Union leaders say members were expecting to return sooner, but there’s no firm recall date for most affected workers.
Why the layoffs now?
The Fairfax facility paused output in late 2024 to retool after ending production of the Chevrolet Malibu and pausing the Cadillac XT4 in early 2025.
GM has been transitioning the plant toward future programs and originally targeted a broader restart, but a delayed second shift means hundreds remain sidelined longer than anticipated.
What will Fairfax build next?
Local reporting indicates a phased return to work tied to program changes: first-shift operations linked to the next Chevy Bolt (EV program) and a longer-term plan to bring Chevy Equinox production to the site around 2027, which would restore additional jobs once the line is ready.
While some employees could be recalled sooner for training or initial runs, most workers won’t see jobs return until at least 2027.
Impact on workers and the community
UAW Local 31 represents the Fairfax workforce and has warned of the strain on families and neighborhood businesses when a large portion of the plant’s payroll is idle.

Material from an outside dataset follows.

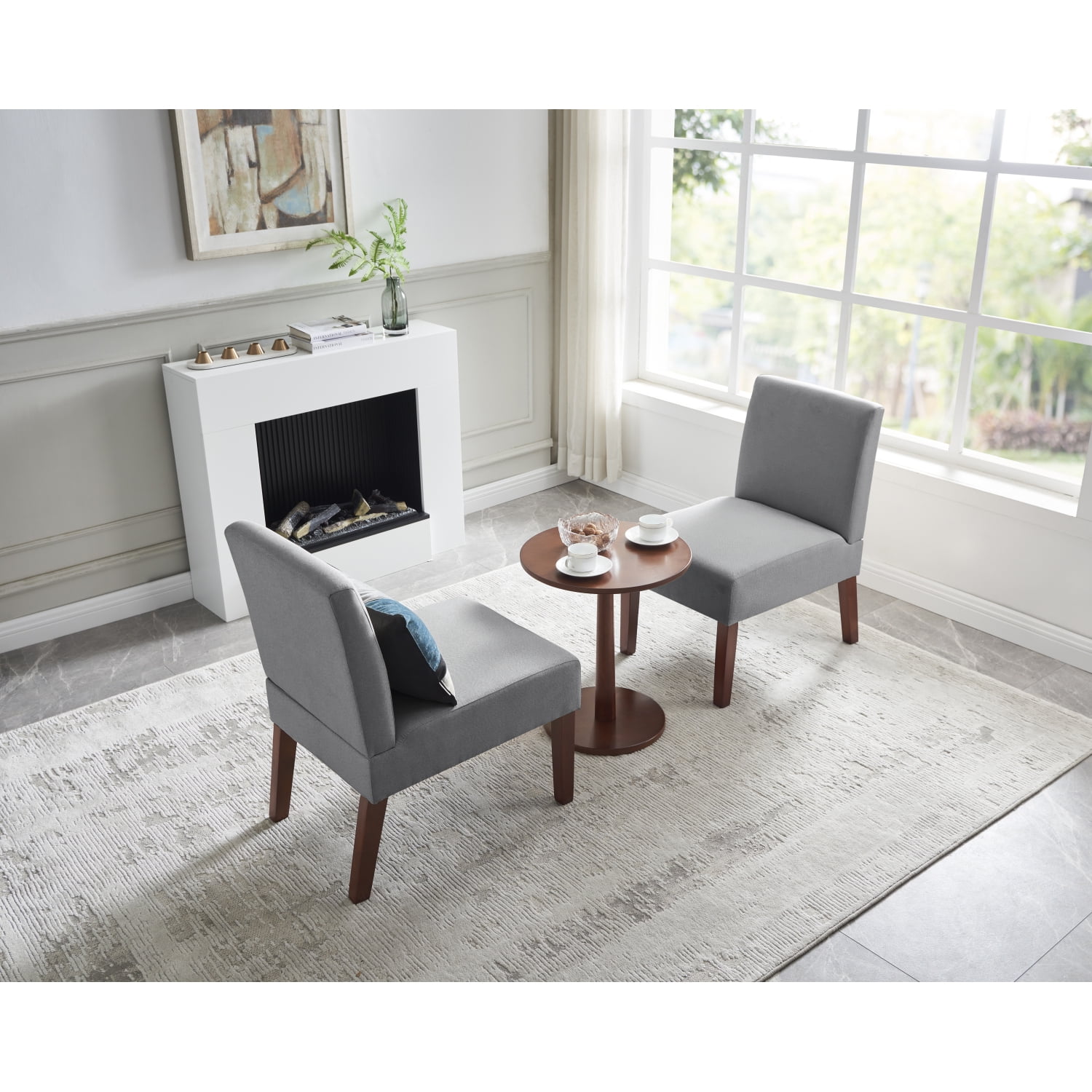Miniyam Fabric Accent Chair Set of 2 with Round Wood Table, Decorative Slipper Chair Vanity Chair for Bedroom Home Office, Corner Side Chair
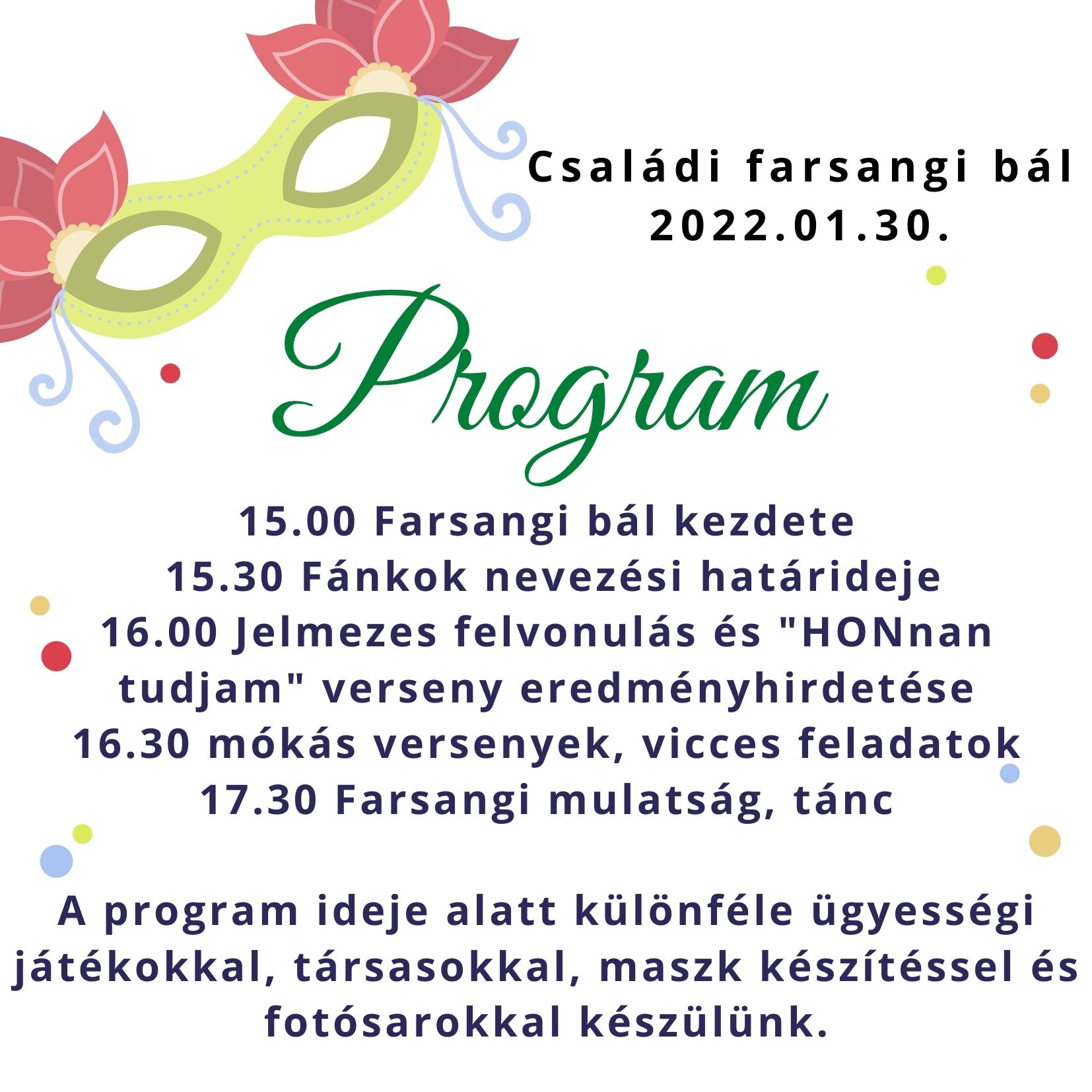 Minden hónap utolsó hétvégéjére családi programot szeretnénk szervezni, így január 30-án, vasárnap családos farsangi bulit szervezünk a BázisPont Közösségi Térbe. Részleteket facebook oldalunkon, a meghirdetett eseménynél találtok!

Leaders emphasize the layoffs are “indefinite” rather than permanent, but uncertainty about timing complicates choices such as transferring to other GM facilities or waiting for recalls in Kansas.
Quick facts at a glance
| Key item | Detail |
|---|---|
| Plant | GM Fairfax Assembly, Kansas City, Kansas |
| Status | Indefinite layoffs tied to a delayed second shift |
| Workers affected | Approx. 900 employees |
| Recent program history | Malibu ended late 2024; XT4 paused in 2025 during retooling |
| Near-term activity | Limited first-shift operations linked to the next Chevy Bolt |
| Longer-term outlook | Equinox production targeted around 2027 to add jobs back |
| Union stance | UAW Local 31 assisting members with options and potential transfers |
What it means for Kansas and GM
For the Kansas City metro, 900 fewer paychecks reverberate through restaurants, shops, and service providers clustered around the plant.
For GM, stretching out the return of a second shift signals continued capacity balancing as model lineups change and the company sequences new programs at Fairfax.

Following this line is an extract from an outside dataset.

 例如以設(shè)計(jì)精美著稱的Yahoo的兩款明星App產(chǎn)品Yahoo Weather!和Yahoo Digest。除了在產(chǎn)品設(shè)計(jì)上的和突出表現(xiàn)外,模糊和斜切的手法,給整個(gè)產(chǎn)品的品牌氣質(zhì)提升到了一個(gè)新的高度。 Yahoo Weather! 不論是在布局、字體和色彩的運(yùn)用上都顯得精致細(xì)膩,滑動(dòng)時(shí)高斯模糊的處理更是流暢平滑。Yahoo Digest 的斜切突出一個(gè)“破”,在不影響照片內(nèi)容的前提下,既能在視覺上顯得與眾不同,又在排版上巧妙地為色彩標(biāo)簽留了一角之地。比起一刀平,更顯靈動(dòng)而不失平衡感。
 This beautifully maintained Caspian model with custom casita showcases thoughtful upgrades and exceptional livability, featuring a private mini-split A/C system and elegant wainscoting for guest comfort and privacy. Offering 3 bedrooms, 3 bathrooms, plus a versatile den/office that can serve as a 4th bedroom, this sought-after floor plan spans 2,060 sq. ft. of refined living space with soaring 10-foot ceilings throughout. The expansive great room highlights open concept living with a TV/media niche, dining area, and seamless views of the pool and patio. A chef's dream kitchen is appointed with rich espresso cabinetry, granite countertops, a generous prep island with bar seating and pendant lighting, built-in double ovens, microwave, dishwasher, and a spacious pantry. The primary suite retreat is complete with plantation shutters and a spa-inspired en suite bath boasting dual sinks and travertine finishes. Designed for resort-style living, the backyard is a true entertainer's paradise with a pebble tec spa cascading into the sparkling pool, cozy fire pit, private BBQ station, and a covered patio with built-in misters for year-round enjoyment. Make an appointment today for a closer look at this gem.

The recall cadence will likely map to program timing: early training and pilot work on one line, with the bigger employment boost arriving only when 2027 Equinox volume comes online.
The Fairfax layoffs underscore a transition year for the plant and its workforce. With legacy models retired and new programs staged over multiple years, the second-shift delay leaves roughly 900 workers in limbo.
A limited first-shift comeback may start to trickle in, but for most, meaningful recall appears tied to 2027 plans—keeping families, the union, and community businesses focused on bridging the gap until production ramps back up.